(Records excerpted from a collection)
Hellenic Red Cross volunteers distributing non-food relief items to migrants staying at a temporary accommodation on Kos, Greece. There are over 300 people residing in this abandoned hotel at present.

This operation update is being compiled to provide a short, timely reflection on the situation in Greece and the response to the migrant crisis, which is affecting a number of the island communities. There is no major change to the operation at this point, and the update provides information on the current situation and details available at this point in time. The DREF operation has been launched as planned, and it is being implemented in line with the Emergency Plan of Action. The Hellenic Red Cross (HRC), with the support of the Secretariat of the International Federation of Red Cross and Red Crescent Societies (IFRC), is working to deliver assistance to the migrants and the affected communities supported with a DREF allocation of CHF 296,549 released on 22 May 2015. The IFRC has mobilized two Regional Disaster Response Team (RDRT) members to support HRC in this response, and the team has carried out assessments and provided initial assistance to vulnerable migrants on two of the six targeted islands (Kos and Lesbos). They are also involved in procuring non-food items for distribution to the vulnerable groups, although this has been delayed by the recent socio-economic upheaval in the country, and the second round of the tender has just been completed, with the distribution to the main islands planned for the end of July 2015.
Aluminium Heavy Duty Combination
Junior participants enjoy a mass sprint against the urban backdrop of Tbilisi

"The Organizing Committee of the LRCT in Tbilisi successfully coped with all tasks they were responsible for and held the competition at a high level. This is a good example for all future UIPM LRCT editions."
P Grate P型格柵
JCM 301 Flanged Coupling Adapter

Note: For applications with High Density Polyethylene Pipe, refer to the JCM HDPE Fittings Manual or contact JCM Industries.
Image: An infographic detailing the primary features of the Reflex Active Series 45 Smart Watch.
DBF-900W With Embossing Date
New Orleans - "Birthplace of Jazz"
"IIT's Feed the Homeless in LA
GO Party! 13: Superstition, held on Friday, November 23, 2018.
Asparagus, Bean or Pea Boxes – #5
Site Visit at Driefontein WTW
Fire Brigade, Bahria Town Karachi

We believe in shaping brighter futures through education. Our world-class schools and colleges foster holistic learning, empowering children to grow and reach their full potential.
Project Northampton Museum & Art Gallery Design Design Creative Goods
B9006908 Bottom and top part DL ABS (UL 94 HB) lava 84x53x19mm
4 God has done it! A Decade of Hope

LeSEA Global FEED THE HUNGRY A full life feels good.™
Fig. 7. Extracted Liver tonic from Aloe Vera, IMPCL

## [ACTIVITY]
From the entries, copy every line in which the word "Tbilisi" occurs.

## [EXPECTED ANSWER]
Junior participants enjoy a mass sprint against the urban backdrop of Tbilisi
"The Organizing Committee of the LRCT in Tbilisi successfully coped with all tasks they were responsible for and held the competition at a high level. This is a good example for all future UIPM LRCT editions."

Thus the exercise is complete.